Beat the egg in a bowl, add the sugar and salt and mix in. Don't beat any air into the mixture.
Add the flour and mix it in. Before it's completely incorporated, add 1/3 of the milk and mix. Add the rest of the milk and mix again. Add the butter little by little as you mix the milk in.
Pass the batter through a sieve, cover with plastic and rest in the refrigerator for at least an hour.
Mix up the batter. Heat oil in a frying pan, and wipe out the excess oil. Spread the batter around the bottom of the frying pan rapidly while tilting it, and cook the crepe over high-medium heat.
When the edge has browned, put the frying pan on a moistened kitchen towel and let the crepe continue cooking with the residual heat. This prevents it from burning.
When the outside of the crepe starts to brown, flip it over using a palette knife and your hands.
Stack up the cooked crepes on an inverted bowl.
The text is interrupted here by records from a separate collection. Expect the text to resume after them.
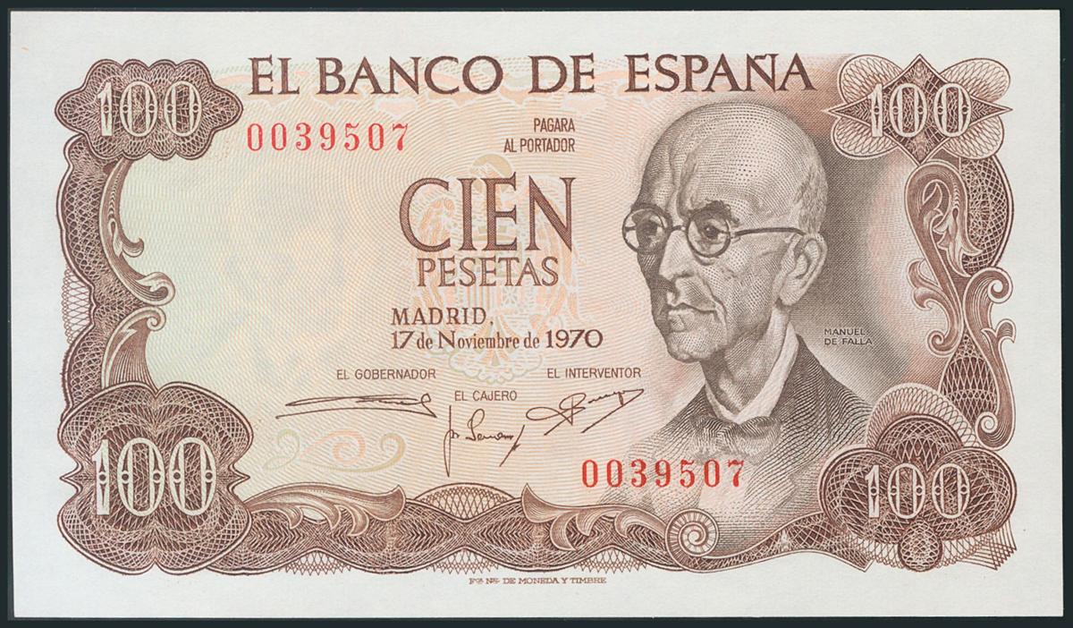 100 Pesetas. 17 de Noviembre de 1970. Sin serie. (Edifil 2017: 472). SC.
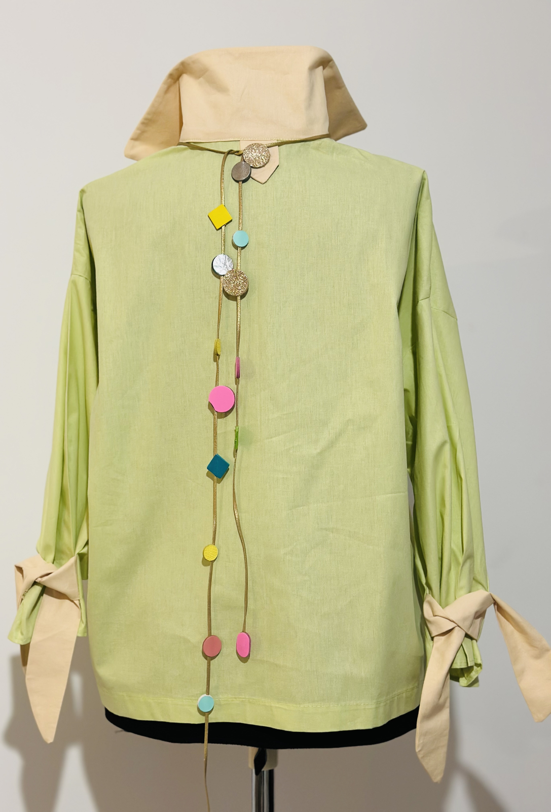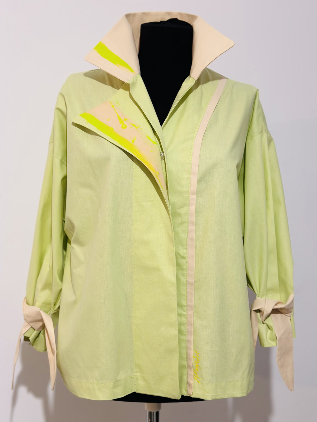 Cămașă în nuanțe superbe de fistic și somon, pictata manual cu produse de cea mai bună calitate, special create pentru pictură pe textile, rezistente la apă și transfer. Poate fi purtată simplă cat și cu accesoriile din piele naturală MMagic Art.
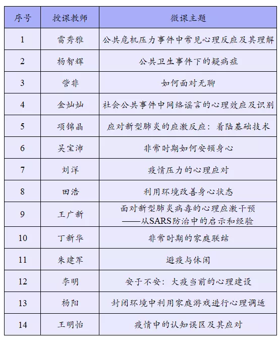 目前已确定的微课讲座共计14讲,均由北京林业大学心理系教师讲授,包括:应对类和相关知识类等,详情请见下表(后期还会持续增加新的讲座主题,敬请关注)。
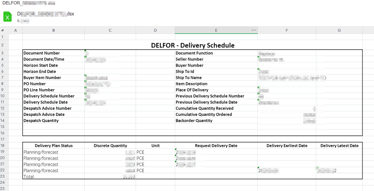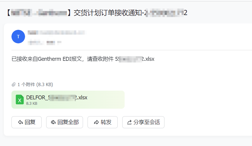 除了上述界面展示外,客户的 DELFOR 订单预测将通过邮件的形式发送到指定的电子邮箱。
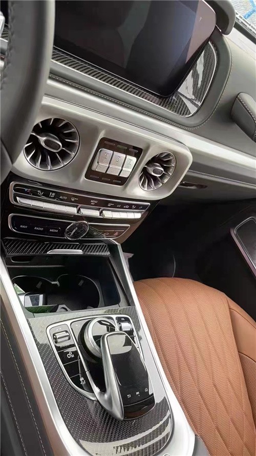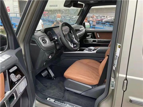 2021款奔驰G550车内采用深色调与桃木装饰,黑色真皮运动座椅非常舒适,方向盘以高档真皮包裹装饰,触感极其细腻。配有桃木装饰的操控台,稳重大气,同时提高了整体的质感。各种功能按钮应有尽有,丝毫不次于豪华轿车的功能。
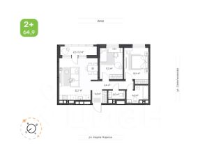 Общая площадь64,9 м²
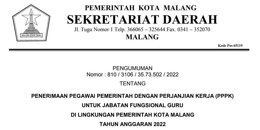 Berdasarkan Keputusan Menteri Pendayagunaan Aparatur Negara dan Reformasi Birokrasi Indonesia Nomor 714 Tahun 2022 tentang Penetapan Kebutuhan Pegawai Aparatur Sipil Negara di Lingkungan Pemerintah Kota Malang Tahun Anggaran 2022, dibuka kesempatan bagi Putra/Putri Warga Negara Republik Indonesia yang berminat menjadi Pegawai Pemerintah Dengan Perjanjian Kerja (PPPK) untuk Jabatan Fungsional Guru.
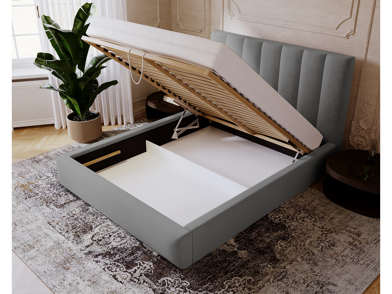 Emporius Velor Polsterbett 160x200 mit Bettkasten, Doppelbett, Kopfteil, Samtstoff, Bett Grau (Magic Velvet 2217)
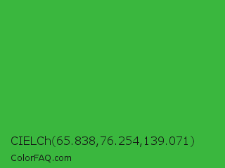 CIELCh 65.838,76.254,139.071 Color is a normal green color and the nearest color is Wageningen Green #34b233. Hex code #3ab73e and RGB value is rgb(58,183,62). In RGB color space, this color is composed of 23% red, 72% green, 24% blue, In CMYK color space, this color is composed of 68% cyan, 0% magenta, 66% yellow , 28% black , In HSL color space, this color has a hue angle of 122° , 52% saturation and 47% lightness.
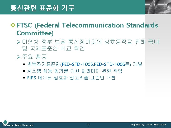 통신관련 표준화 기구 LOGO v IETF(Internet Engineering Task Force) Ø 인터넷의 원활한 실행을 위해 인터넷 표준규격 제정 Ø IAB(Internet Architecture Board) 산하 조사위원회 § IAB 산하의 IESG(Internet Engineering Steering Group)와 함께 새로운 TCP/IP 표준을 개발 ※ IAB : ISOC(Internet Society: 1992. 1 결성)의 자문기구 • 인터넷 구조의 발전과 인터 넷의 원활한 실행을 위한 표준화 ※ RFC(Request For Command) • IETF가 인터넷 관련 기술정 보를 체계적으로 정리해 놓 은 문서 Dongyang Mirae University 13 prepared by Choon Woo Kwon
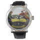 Uhr, Vintage Männeruhr mit schwarzem Lederarmband

Keep cooking the crepes.
When the last crepe is cooked, put it on a plate, and let it cool before wrapping in plastic and storing.
Refer to Recipe ID: 1046752 "Smooth, Crispy, Fluffy Mille Crêpes" to make a "mille-feuille" or multi-layered crepe. Double the amount of batter in this recipe.
Story Behind this Recipe
I didn't want to make crepes that taste good when they're freshly made but turn inedible the next day. So my aim was to create a recipe that only used everyday ingredients, that was easy to make, and resulted in crepes that taste great even after a day.
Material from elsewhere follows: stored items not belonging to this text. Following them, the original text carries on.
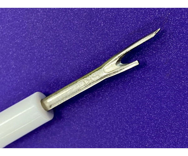 It is a small tool designed to make a quick and easy job of unpicking stitches. Used also to slash open buttonholes it really is a very handy tool.
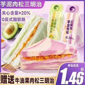 比比赞芋泥肉松三明治彩虹面包早餐整箱夹心吐司零食休闲小吃食品
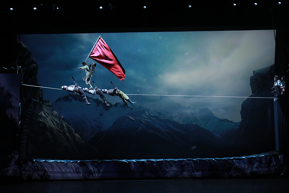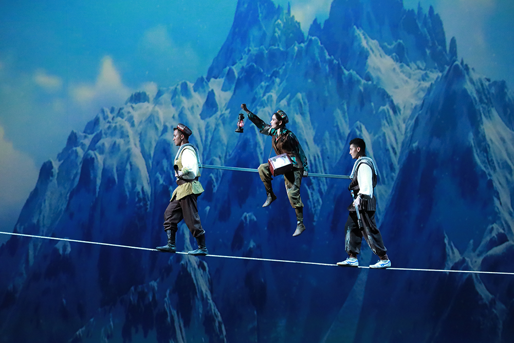 尤其值得一提的是,国家级非遗、维吾尔族高空走索技巧“达瓦孜”首度被融入杂技剧,展现了剧中规模最浩大的一幕“友谊路”。在这个故事段落中,当年为修建中巴友谊公路的历史被重现。达瓦孜第六代传人、“高空王子”阿迪力作为本剧艺术指导,多次来沪指导演员训练。而为了剧情需要,剧组改变了绳索的长度、支点、承重等多项技术参数,极大提高了演出的惊险度。“达瓦孜”也第一次从一个高难度的技巧展示,被赋予了“讲故事”的艺术任务。
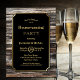 A rustic gold bordered wood housewarming party invitation with gold text on a black background.
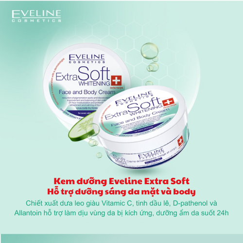 - Kem dưỡng Eveline Extrasoft giúp trắng da vùng mặt và toàn thân giúp làm mờ các vết nám, tàn nhang, cân bằng sắc tố da. Chiết xuất dưa leo giàu Vitamin C và axit hữu cơ làm sáng các vùng da sạm, làm mềm và tăng cường độ săn chắc, đàn hồi của da.
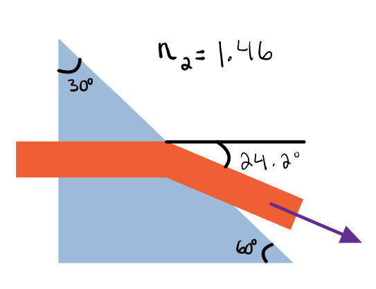 The figure shows a laser beam deflected by a 30-60-90 prism. The index of refraction outside the prism is n=1.46. What is the prisms index of refraction?
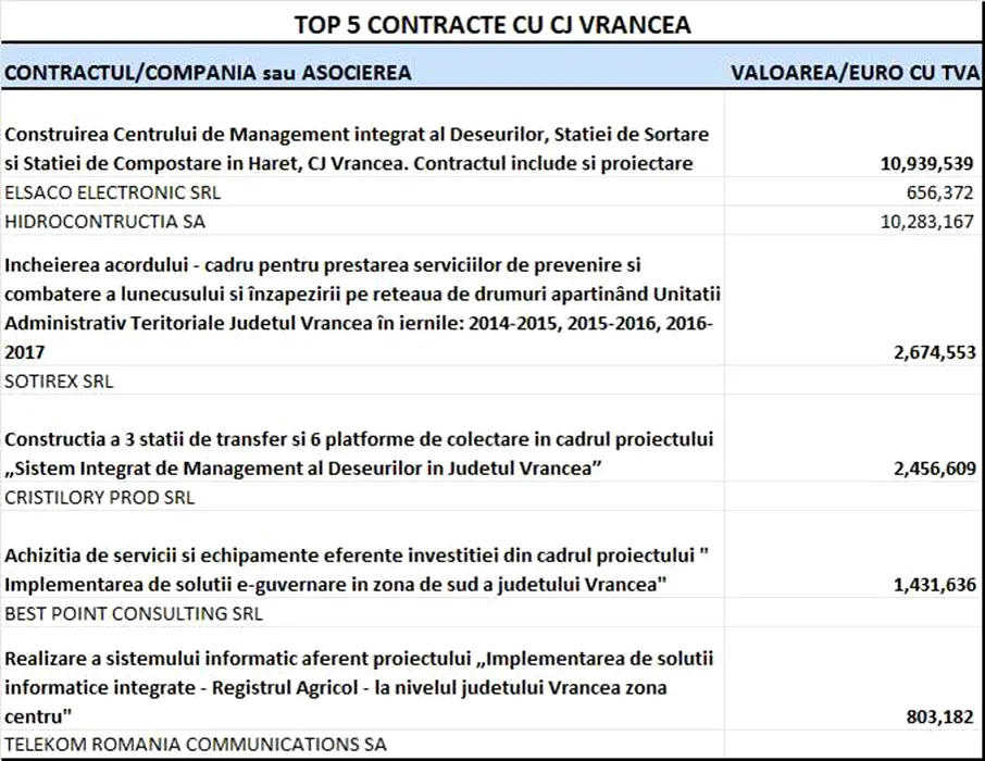 VRANCEA. Unde au mers banii publici în 2014. Topul firmelor care au contracte locale cu statul

If you rest the batter overnight, the gluten in the flour will settle down and the crepes will become even more flexible and less likely to rip. If you are going to use the crepes in a sweet dish, add a little vanilla oil or essence. If you cook the crepes over low heat the crepe will turn tough and less flexible, so be careful. Please adjust the amount of sugar to taste.